Fourier ptychography (FP) is a recently developed phase retrieval approach, which simultaneously realizes image restoration with super-resolution and a large field of view. This approach is also a novel super-resolution optical imaging technique that can be efficiently applied to microscopy and macroscopy respectively. However, one limitation of FP is the long acquisition and reconstruction time due to the numerous low-resolution (LR) images that are needed. Especially when the LR image is acquired under large angle illumination (dark field imaging), the low illumination intensity leads to the long exposure time of the imaging sensors. The situation becomes more time-consuming when a new sample is imaged, and thus a larger number of images with different exposure time for each LR image should be tested to obtain the corresponding best exposure time. Losing low gray value pixels exists in the FP algorithm preprocessing, which ultimately leads to the loss of image information due to the weak local image intensity in the recovery result. With the development of optical integration and micro/nano fabrication technology, the circular lens is no longer necessary.
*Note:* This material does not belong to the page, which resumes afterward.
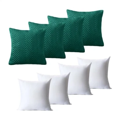 BedLooms Cushions with Covers Included 45 x cm Set of 8 (4 Emerald Cushion Covers, 4 Inserts) Ultrasonic Square Throw Pillow Cases Decorative Sofa Invisible Zipper

On the contrary, the square lens can fill the entire aperture of the miniaturized imaging system (cuboid) and collect more light fields. This paper introduces the square aperture lens into the FP approach which is conducive to collecting the complete aperture light field for further miniaturized imaging devices. The introduced square lens is expected to improve the image intensity and resolution of the FP approach, reduce the data acquisition time, and be more in line with the optical integration development.

According to the Rayleigh criterion, the low resolution of the optical imaging system is caused by the lens aperture. The FP approach achieves super-resolution and large-field imaging by combining multiple LR images. Different from the FP microscopy, the macroscopic FP technique requires moving the imaging camera or using array imaging cameras to obtain a series of LR images of the object. Each LR image is obtained by locating the aperture on the spatial spectrum plane with different positions set in horizontal and vertical directions. After the LR image is acquired at the current position, the aperture is moved to the next position according to the required step size until the spatial spectrum is fully collected. To overcome the position offset of each LR image, the template matching method based on cross-correlation is applied for image registration. This paper studies the macroscopic FP imaging technology based on square aperture. Using the imaging sensor and its natural rectangular structure in the spatial Fourier domain is more effective to use the synthesis of square aperture to improve the imaging resolution and reduce the time consumption. The macroscopic FP technology based on circular aperture is also tested to make a better comparison. In the simulation, the ptychographical iterative engine (PIE) algorithm on the MATLAB platform is adopted to iteratively recover the phase to obtain a high-resolution image. In the experiment, a macroscopic FP optical setup is built. A square aperture, a lens, and a CCD are mounted on an optical bench as a comment imaging system. The system translated in the x-y direction to collect different spatial spectra and obtain a series of LR images. The PIE algorithm used in the simulation can recover the super-resolution image from the LR images.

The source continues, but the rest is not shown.